Everybody who read The Jungle Book knows that Riki Tiki Tavi's a mongoose who killed snakes.
When I was a young man,
I was led to believe there were organizations to kill-a my snakes for me,
i.e. the church, i.e. the government, i.e. the school.
But when I got a bit older,
I learned I had to kill them myself.
-Donovan, "Riki Tiki Tavi"
The first week of school is one alternately filled with excitement and boredom. There's all the newness, and there's all the orientation. New teacher! New forms to fill out. New classmates! New syllabi to cover. New school supplies! New speech about attendance that doesn't really seem all that new somehow.
You get the idea.
During my first week of the third grade, my teacher Mrs. Allen gave a speech that I had not heard before. It was a long speech, as I think she was trying really hard to communicate a point to us, but didn't have the right words. As it is, I didn't even get it until recently.
The basic point of Mrs. Allen's speech is that we were allowed to punch each other in the face.
Of course, there was quite a bit more to the speech, like I said, which was her clarifying why she said we could clock classmates so she wouldn't get a lot of calls from angry parents. She explained that despite our forward and enlightened thinking in modern twentieth century society, sometimes, there are bullies. And sometimes, after rhetoric and good sense and tattling have failed us, what a bully needs is a good right hook to the jaw.
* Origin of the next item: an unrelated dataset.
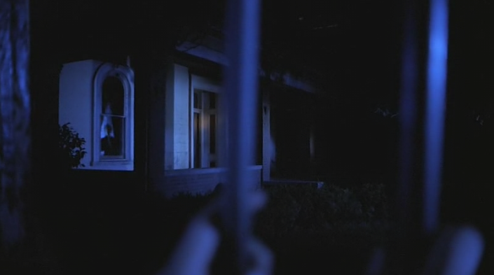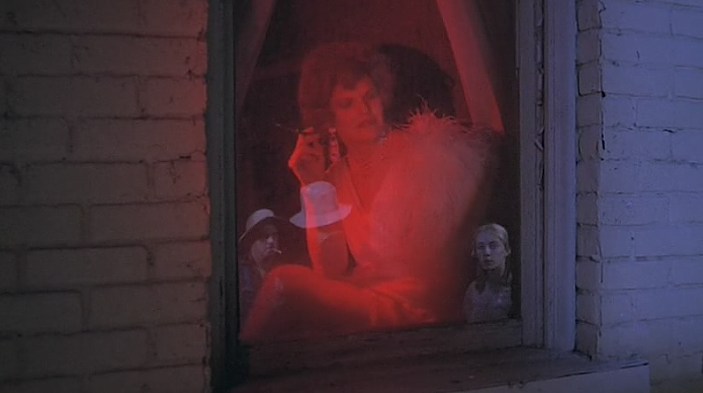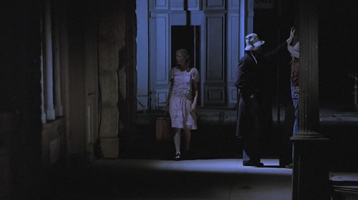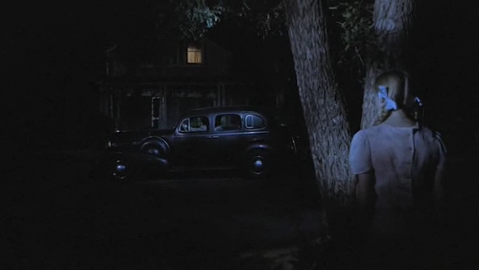 We see the backs of their heads while they talk about Lila Lee. We hear their voices but there is a sense of detachment and an unreal quality because you do not see their faces, their lips moving, or their expressions. The camera angle purposefully removes them from Lila in a way that creates a more imaginary feel to the scene. It is her crossing over the threshold from being the singin’ angel in the choir to passing over on into the borderland of the netherworld of Astaroth.

Then she told us that if any of us gave a bully what he needed, she would punish us to the full extent of the elementary school law. Principal's office, note home, suspension, whatever it was that happened to kids for fighting in the third grade.
My understanding of the speech at the time was that she used to get picked on as a kid, so if we did end up giving some kid what was coming to him, she would secretly give us a high-five as she escorted us to the principal's office. I remember being confused about the whole thing, wondering how someone could condone and not condone an action at the same time. Of course, I didn't yet know the word "condone," so my thinking was probably even more muddled.
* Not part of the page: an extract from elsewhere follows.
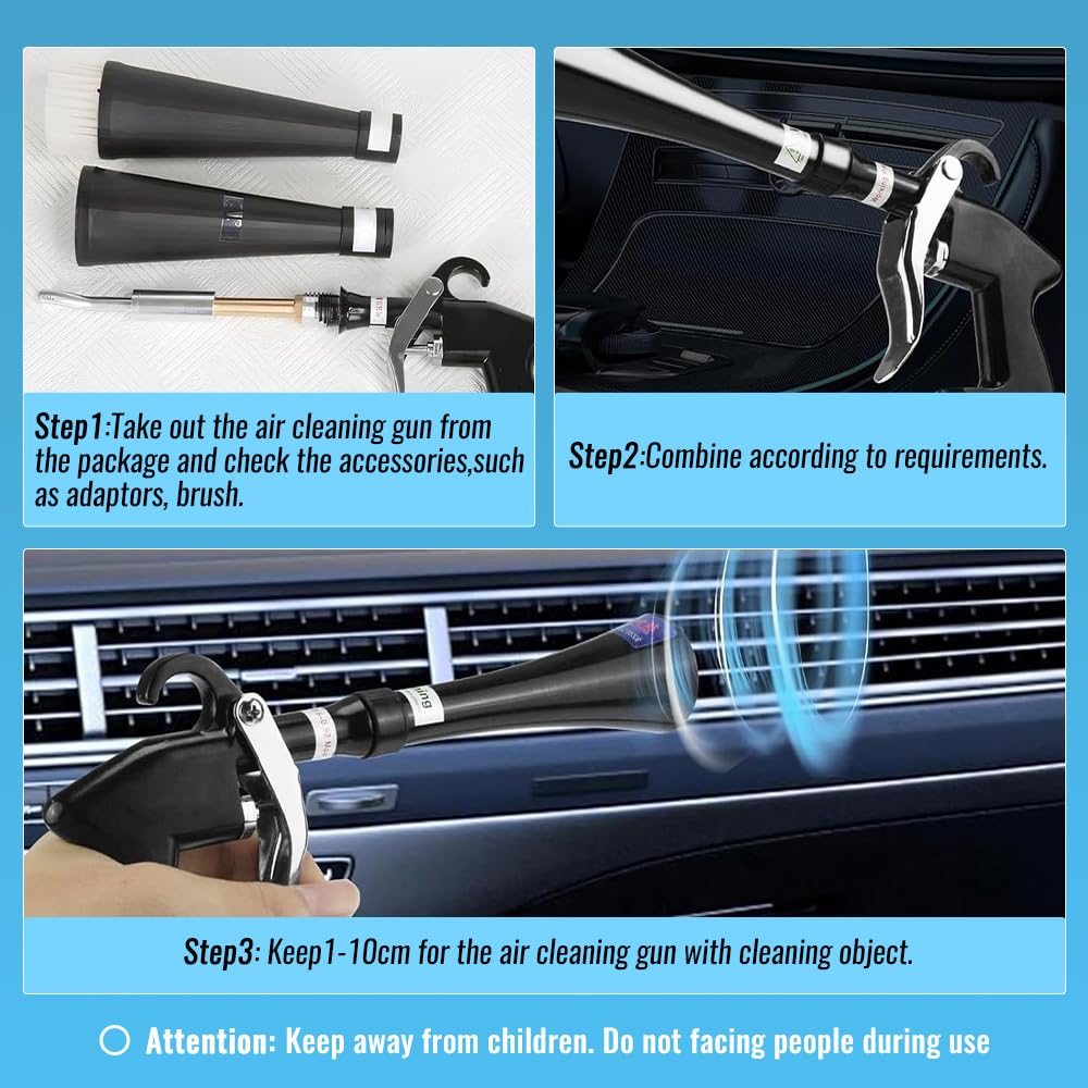 Pistola de Limpeza a Seco Sakerplus Tornado – Secadora de Interior para Carros, Ferramenta de Limpeza de Alta Pressão, Remove Poeira e Sujeira Rapidamente (Preto)

I've since decided that Mrs. Allen's speech was really about consequences. There are several messages that I've gleaned here. One, we all have the ability to do anything allowed by physics without anyone really stopping us, but there are consequences for all actions. Two, sometimes the establishment cannot protect you, and you must kill your own snakes, for which act, the establishment may even punish you. Three, sometimes the consequences for breaking a rule are preferable to not breaking the rule. In short, Mrs. Allen was telling us that sometimes you have to stick it to The Man.
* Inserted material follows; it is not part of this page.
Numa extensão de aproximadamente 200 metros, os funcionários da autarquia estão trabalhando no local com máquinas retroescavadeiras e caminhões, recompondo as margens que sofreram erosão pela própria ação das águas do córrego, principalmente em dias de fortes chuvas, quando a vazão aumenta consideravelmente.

Now this all seems to be a rather adult message, and though I agree with all of it, it still seems pretty radical to tell third graders to think about rules in this way, i.e. that they might need a good breaking. If I were my mother, I would've called up and voiced some concern, at which point, Mrs. Allen would have said, "Don't worry, Sandra won't really get this for another ten years or so." I don't think we were ready for it, but maybe she was hoping that at least one of us would file it away in the back of her mind to bring out every once in a while and poke at it before finally understanding and writing a blog about it. Considering blogs hadn't even been invented yet, Mrs. Allen was impressively ahead of her time.